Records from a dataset
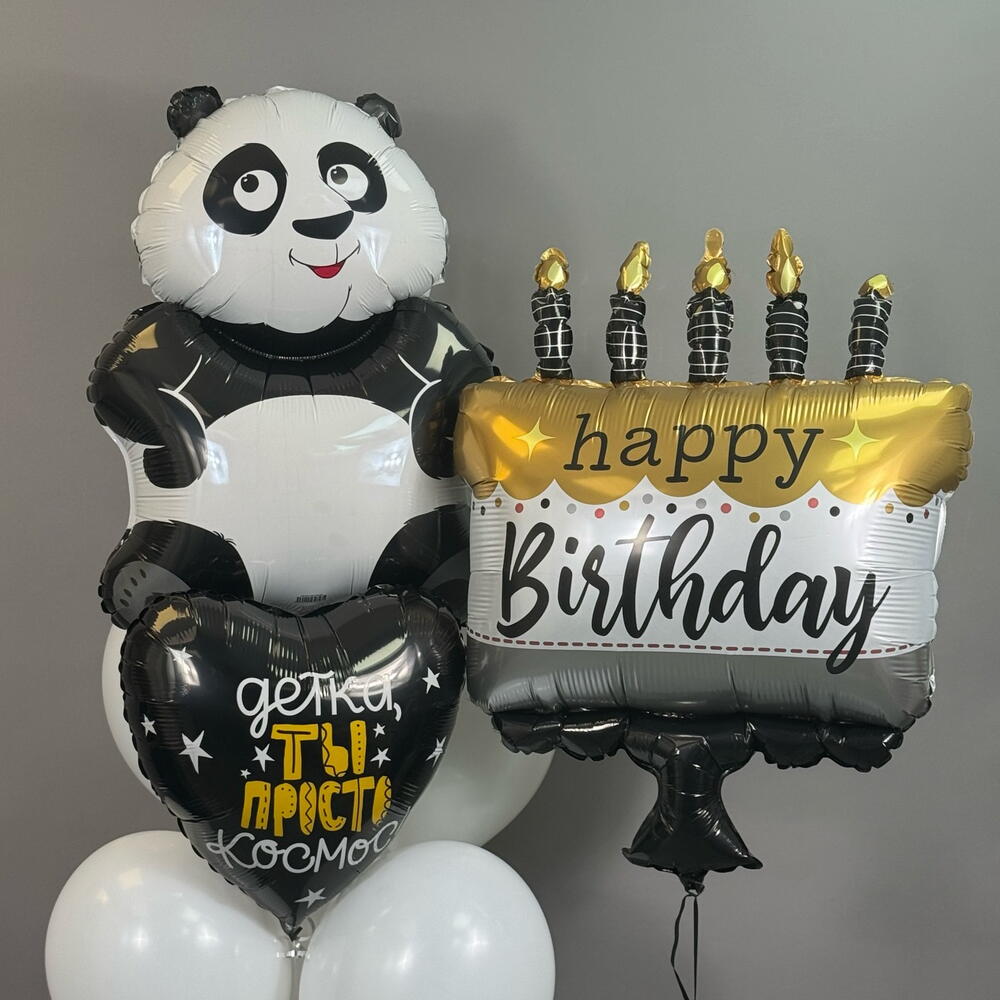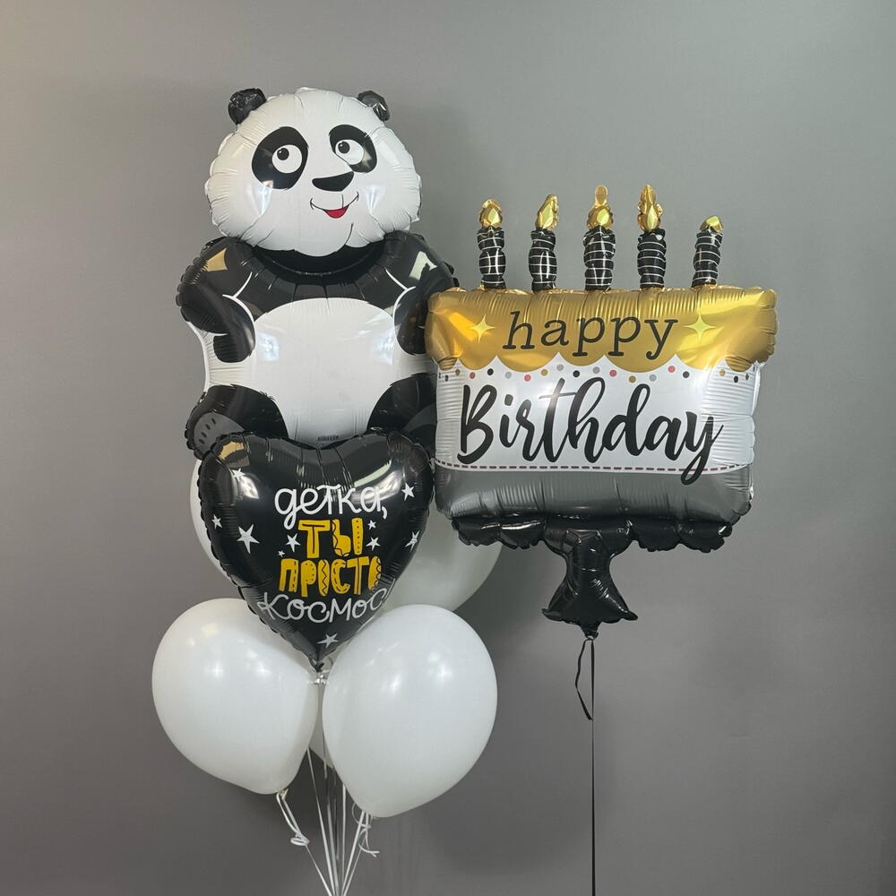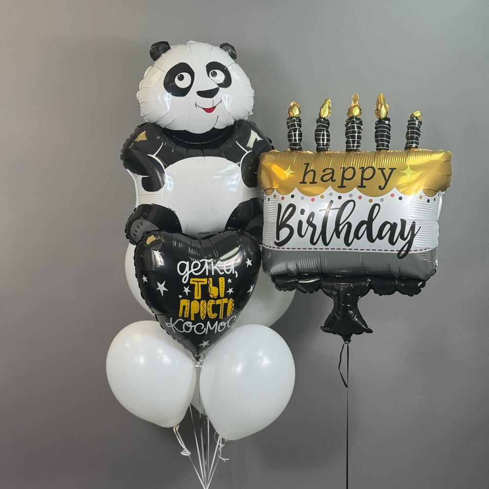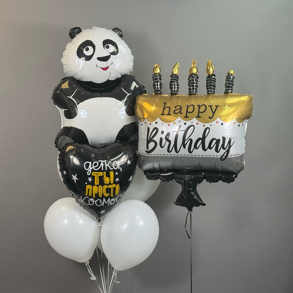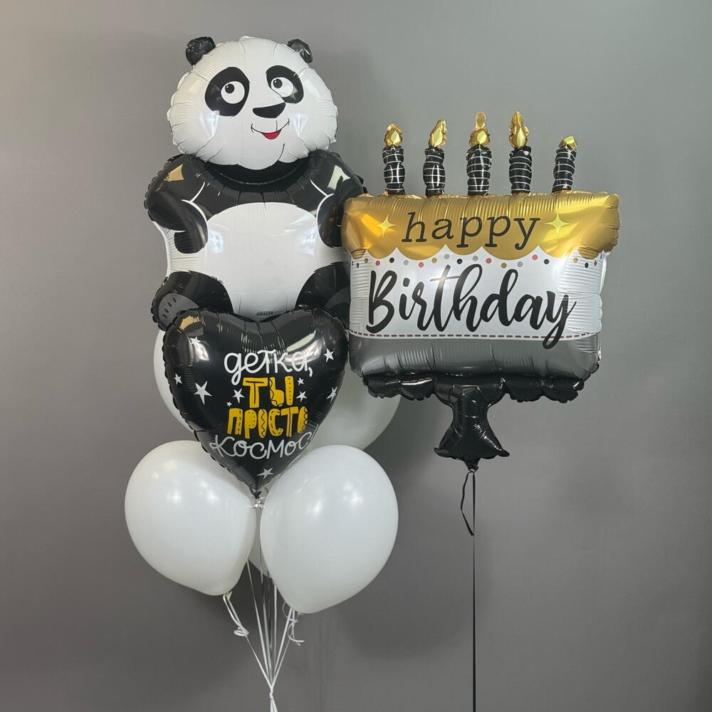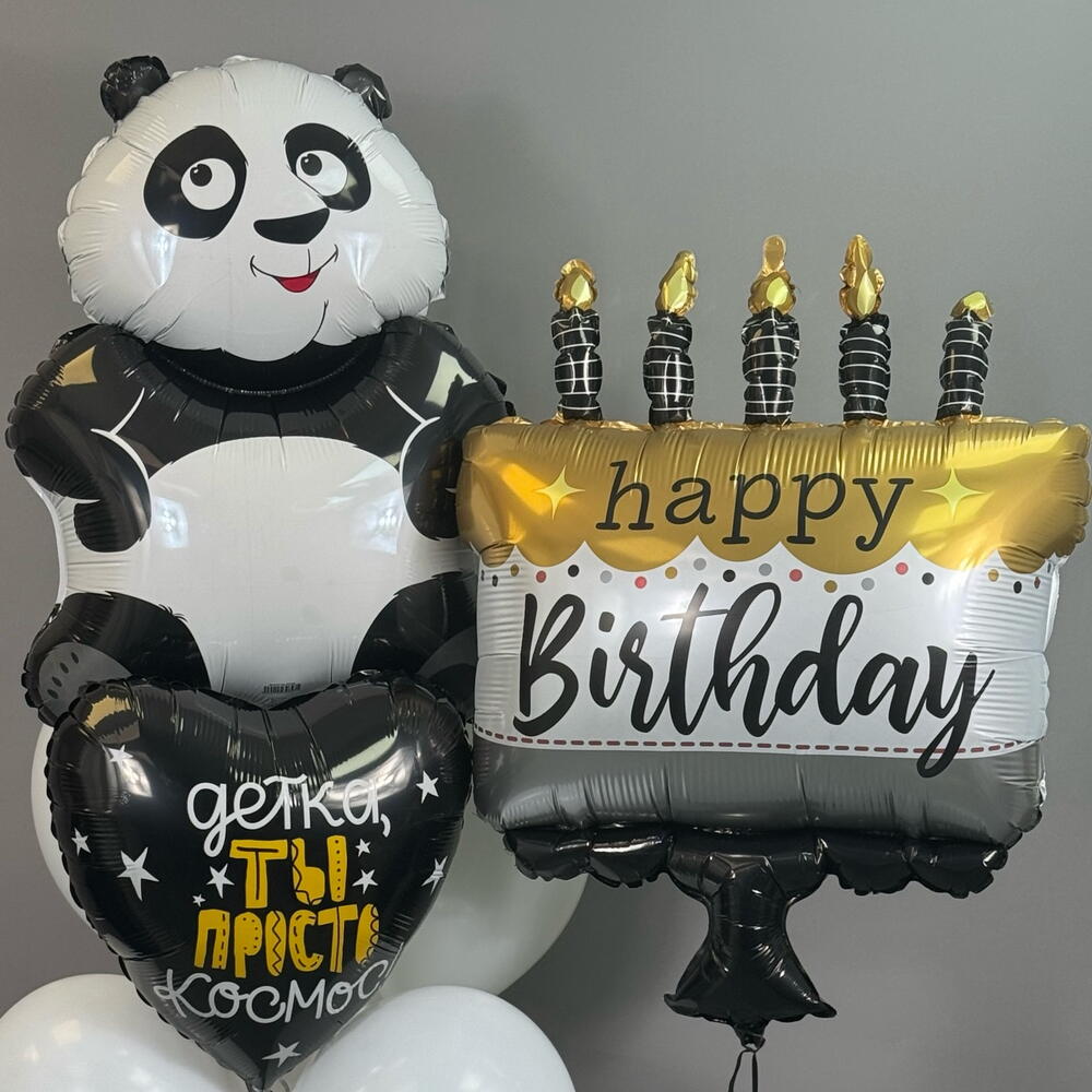 Воздушные шары на день рождения Воздушные шары латексные белые 4 шт Сердце с надписью 1 шт Панда 1 шт Торт с надписью 1 шт
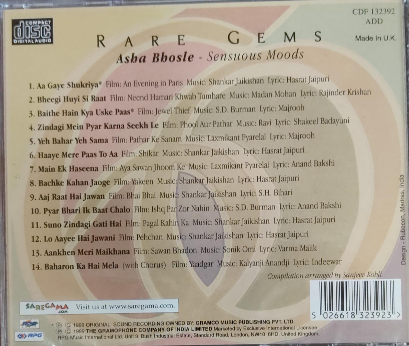 Rare Gems – Sensuous Moods, Asha Bhosle, Audio Cd, Import(UK)
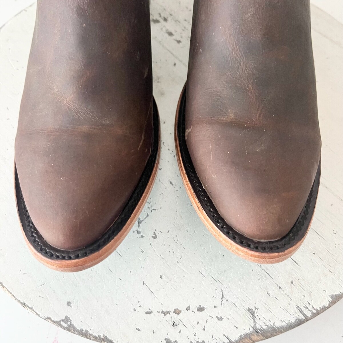 Condition: These are new shoes. There is some rough stitching on the heel. The leather is distressed by design, however, there is more distressing than normal. They fit true to size and will come with a Boot box.
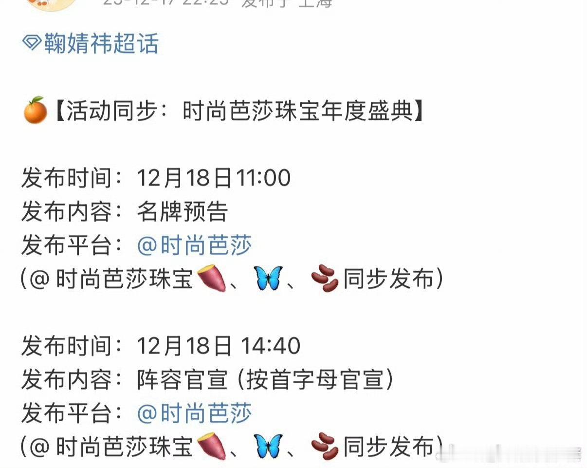 鞠婧祎要出席时尚芭莎珠宝年度盛典
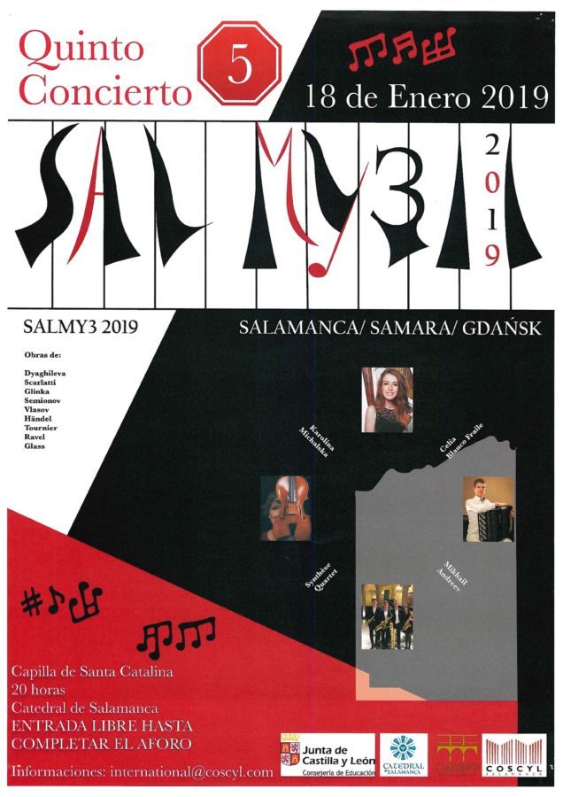 El próximo viernes 18 de enero, a las 20.00 horas, tendrá lugar en a Capilla de Santa Catalina de la Catedral Vieja un concierto ofrecido por los alumnos y profesores del Festival Internacional SALMY3 2019 que se celebra en Salamanca del 14 al 19 de este mes organizado por el Conservatorio Superior de Música de Castilla y León. El aforo de la sala es de 200 plazas, que se ocuparán por riguroso orden de llegada de los asistentes. La entrada se efectuará por la “Puerta de los Carros” situada en la Calle Tentenecio.
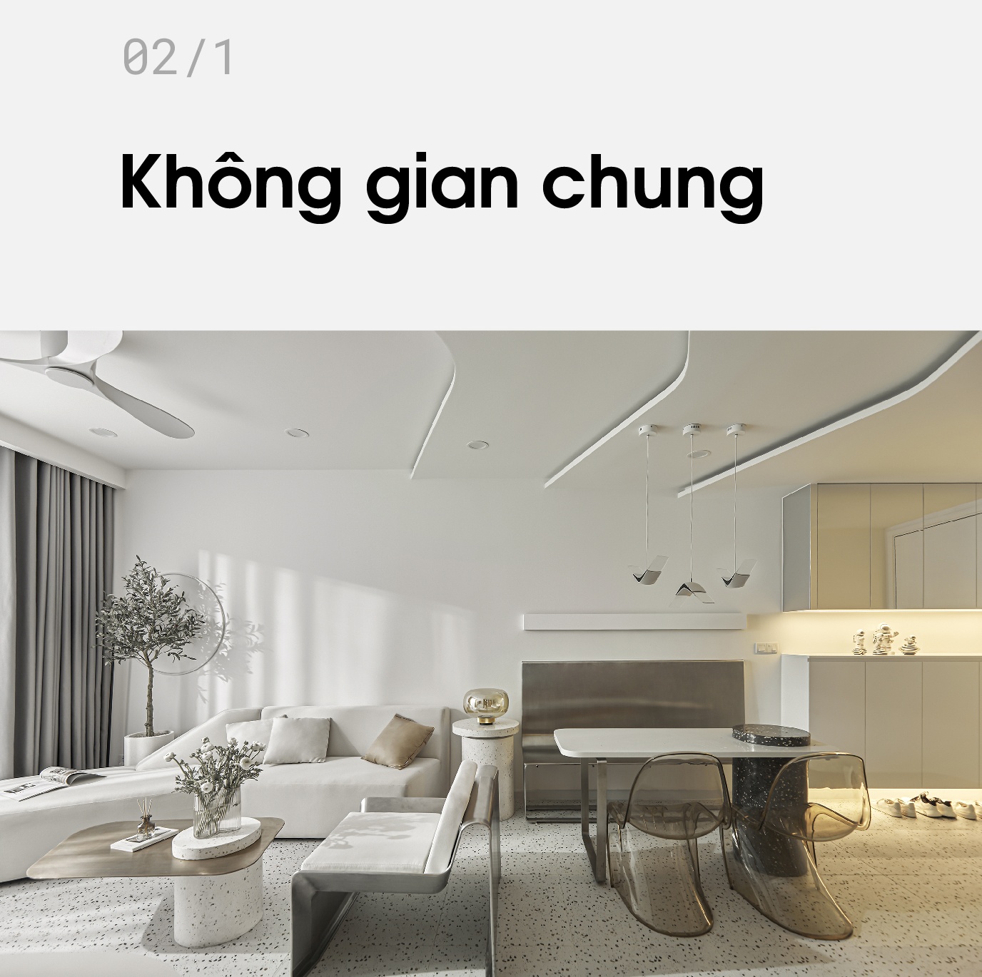 Để không gian trở nên rộng rãi hơn, Tín Dương không sử dụng tường hay vách ngăn để ngăn cách giữa phòng khách và phòng ăn.
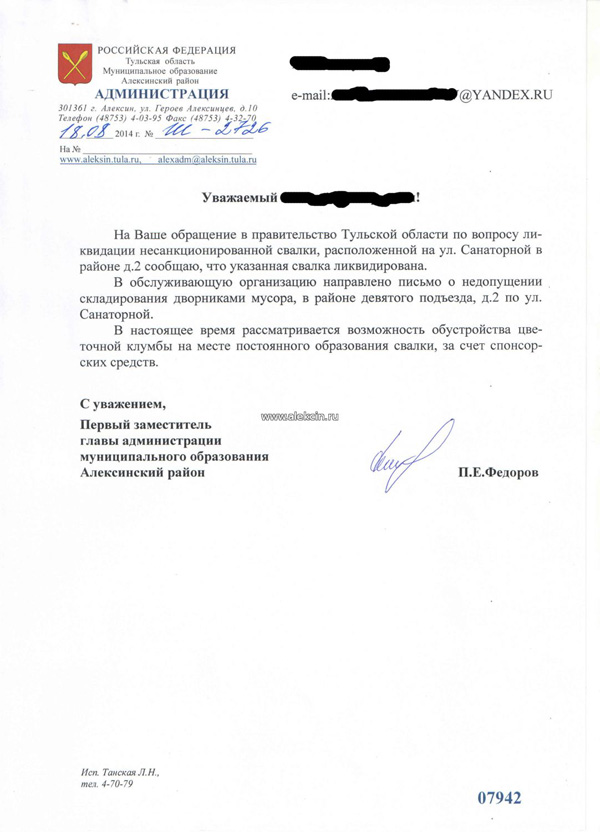 ЧУДО свершилось год назад. Администрация города, наконец, принимает решение о ликвидации помойки рядом с жилыми домами, а заодно бонусом решает на злосчастном месте установить цветочную клумбы. Дело было осенью, за клумбу огромное спасибо, если бы не НО…kl-02Уведомление о ликвидации свалки и решении установить клумбу, за подписью нынешнего главы города Алексин, Федорова

[Work instruction]
Where a picture appears, omit it; otherwise reproduce each line above from the first to the one with "Rare Gems –", inclusive.

[Completed task]
 Воздушные шары на день рождения Воздушные шары латексные белые 4 шт Сердце с надписью 1 шт Панда 1 шт Торт с надписью 1 шт
 Rare Gems – Sensuous Moods, Asha Bhosle, Audio Cd, Import(UK)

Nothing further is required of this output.